C'est vrai, mais j'espère que le mental qu'on a eu pendant les matches éliminatoires, quand on était derniers, ou lors de la dernière Coupe d'Afrique quand on on était en difficulté, on va le garder et ajouter la qualité.
Certains espèrent voir une équipe africaine, sur son territoire, finir dans le dernier carré. C'est possible ?
Ce serait très bien pour le continent africain. On a de très bons joueurs pour mettre certaines équipes en difficulté, je crois qu'avec le mental et l'abnégation, les pays africains sont capables, sur cette coupe du monde, de très bien figurer.

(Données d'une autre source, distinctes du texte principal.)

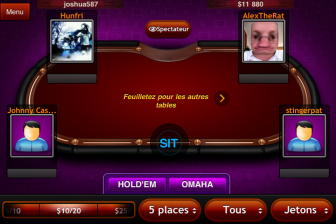 Quand vous cliquez sur « Jouer », l’application vous propose le choix entre le Hold’em et le Omaha (pour les non-initiés, ce sont deux pokers différents) ce qui est vraiment exceptionnel car, le plus répandu est le premier mais beaucoup de pros jouent au second bien qu’il soit moins répandu. Le seul absent reste le video poker, encore assez populaire de nos jours.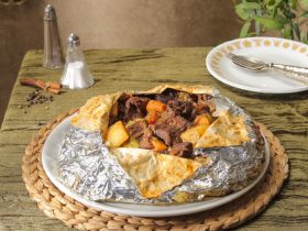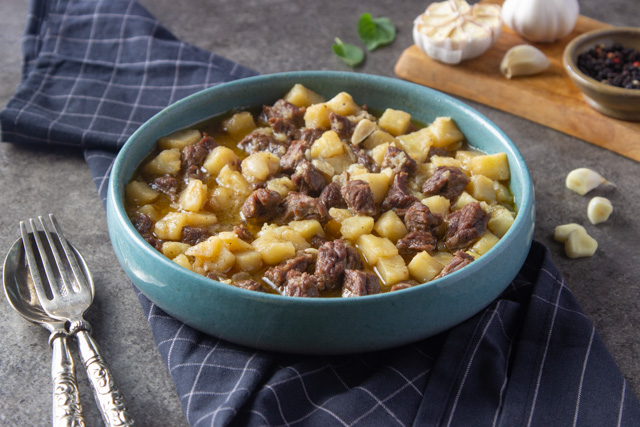 - اضافة التوابل ملح و فلفل اسود ونقلب قبل ما نطفي عليها نضيف مكعبات البطاطس المحمره عليها وتقدم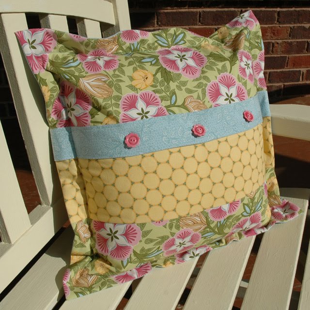 I just finished sewing two version of my Yo-Yo Pillow in Ambrosia. Here is the Summer version:

Les joueurs africains se sentent fiers de disputer cette Coupe du monde chez eux ?
Oui, bien sûr. C'est un privilège pour le continent africain et encore plus pour les pays qualifiés et les joueurs qui vont la disputer. Tout le monde a hâte d'y être, on ne peut pas voir mieux quand on est africain.
Ça peut donner une force supplémentaire aux sélections ?
J'espère ! Mais il ne faut pas oublier que c'est la Coupe du monde et qu'il y a des formations qui sont au-dessus des formations africaines. J'espère qu'il y aura un plus et que ça nous aidera à franchir plusieurs paliers.
"La France ira en demi-finale"
Personnellement, quels seront vos objectifs ?
Figurer parmi la liste des 23, faire des matches et aider mon pays à passer ce premier tour car moi, je ne l'ai jamais fait, que ce soit avec les jeunes ou les A. Que je sois titulaire ou remplaçant, je veux aider mon pays comme je peux.
On a aussi envie de se montrer, afin de séduire les dirigeants de grands clubs européens ?
Ah oui, c'est sûr ! Moi je vous le dis tout de suite: j'y vais pour être sur le terrain, faire le plus de matches possible, il n'y a pas meilleur pour se montrer. J'espère, pour le Cameroun mais aussi pour moi, franchir un palier supplémentaire.
Y a-t-il un joueur que vous voulez absolument croiser pendant cette Coupe du monde ?
Non, par contre, j'ai envie de jouer contre la France car j'ai des amis là-bas.
Que pensez-vous justement de la France ?
Je ne la vois pas en difficulté. J'ai même mis un pari pour eux avec un collègue du vestiaire en disant que la France ira plus loin que les quarts de finale, ils ont l'effectif pour et les joueurs vont montrer, par rapport à tout ce qu'on a dit sur eux, qu'ils ont les qualités pour aller au bout de la compétition. Ils vont parler entre eux et auront à coeur d'effacer toutes ces critiques. Avant la Coupe du monde, j'ai parié avec Hugo (Lloris) en lui disant qu'il allait tout arrêter.
C'est donc avec Hugo que vous avez parié que la France irait en demi-finale ?
Non, pas avec lui, mais je lui ai dit qu'il faut qu'il arrête tout car j'ai un gros pari. Et ce n'est pas Sidney Govou non plus (rires).